Лайнмена от экспансии колониями тетракла защитил готовый к отражению любой атаки бронированный «Корпус», и весь его ресурс сейчас он переключил на нас, сотворив поле такой силы, что перегородки «консервных банок» рассыпались в пыль, вернув нам плоть и кровь, правда, несколько видоизмененными.

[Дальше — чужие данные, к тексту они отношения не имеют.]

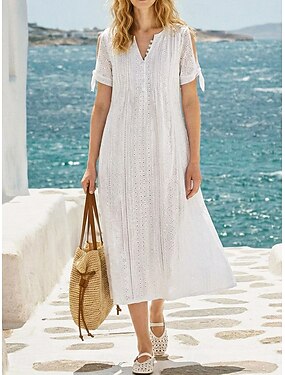 Mujer Vestido Midi Lino de algodón sintético Vestido de cambio Vestido blanco Vestido de algodón blanco Casual Vacaciones Holgado Plano Manga Corta Escote en Pico Blanco Amarillo Verde Trébol Verano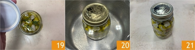 Feche com a tampa 19 e mergulhe em uma panela com água fria. Acenda o fogo e leve para ferver por cerca de 60 minutos. Após esse tempo, deixe os potes esfriarem na própria água. Para ter certeza de que a operação "sous vide" foi bem-sucedida, basta verificar se a tampa não faz clique ao pressionar com os dedos.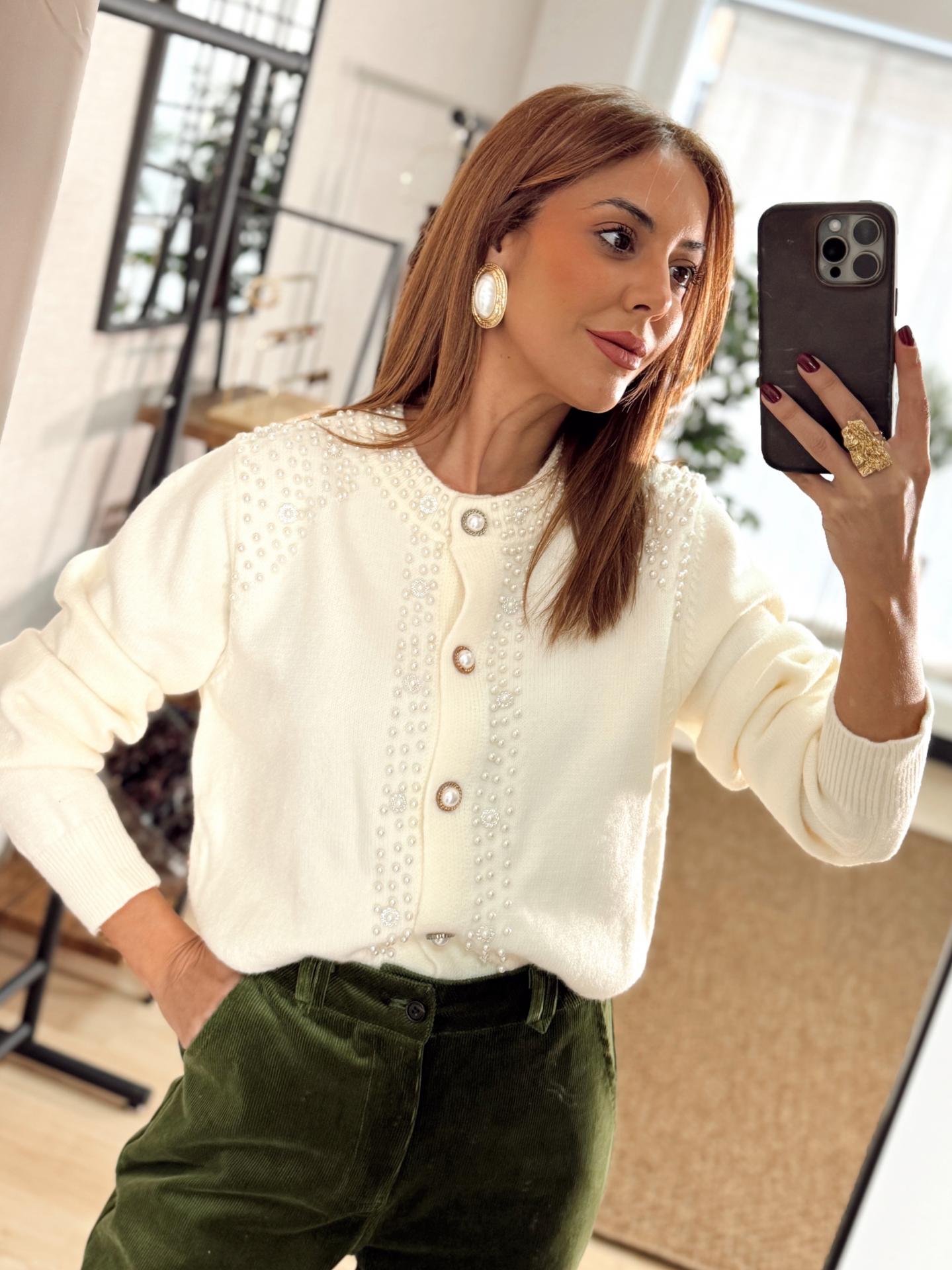 El cárdigan NEMESIS es una auténtica joya con detalle de perlas.

Когда Лайн снял поле и понял, что все мы кое-как дышим, он взялся за устройство лагеря. В одиночку старательно развел на реактивах белое пламя костра, расстелил спальники и растащил нас по ним, как медсестра растаскивает по койкам тяжелобольных. Лайн скрупулезно воссоздал все, что мы делали обычно. По манере Тайта попытался сварить суп из очищенной воды и остатков сухого пайка. Для меня выбрал место подальше от костра – как я любил. Для Квоттербека выложил анализатор и настройщик, которыми тот ежевечерне проверял оборудование. Накормил «Иглу» и поставил ее стоймя.
Большой и медлительный, он бродил в сумерках, обживая лагерь за всех четверых, а потом сел у костра и попытался собрать переносную станцию переливания искусственной крови.
Навыка работы с медицинской техникой у него не было, схем он не знал и действовал наугад, но в конце концов собрал что-то, что смогло влить в Квоттербека пол-литра витаминизированной крови, смешанной со зверской дозой стимуляторов.
Регенерация наших организмов сравнима только с регенерацией технического мяса. Процессы, протекающие в нас, нацелены только на то, чтобы заживать, срастаться, восстанавливаться и восполняться. Искусственная кровь и реактивы, которыми кормят технику, вполне годятся и для нас. И не важно, что мы испытываем, гоняя по венам то, что заставляет работать оружие и боевые машины.
Квоттербек, очнувшись, тут же занялся всеми этими процессами. Он наладил смесители плазмы и реактивов, извел все инъекторы и стимуляторы, но добился того, чтобы наше сознание прояснилось.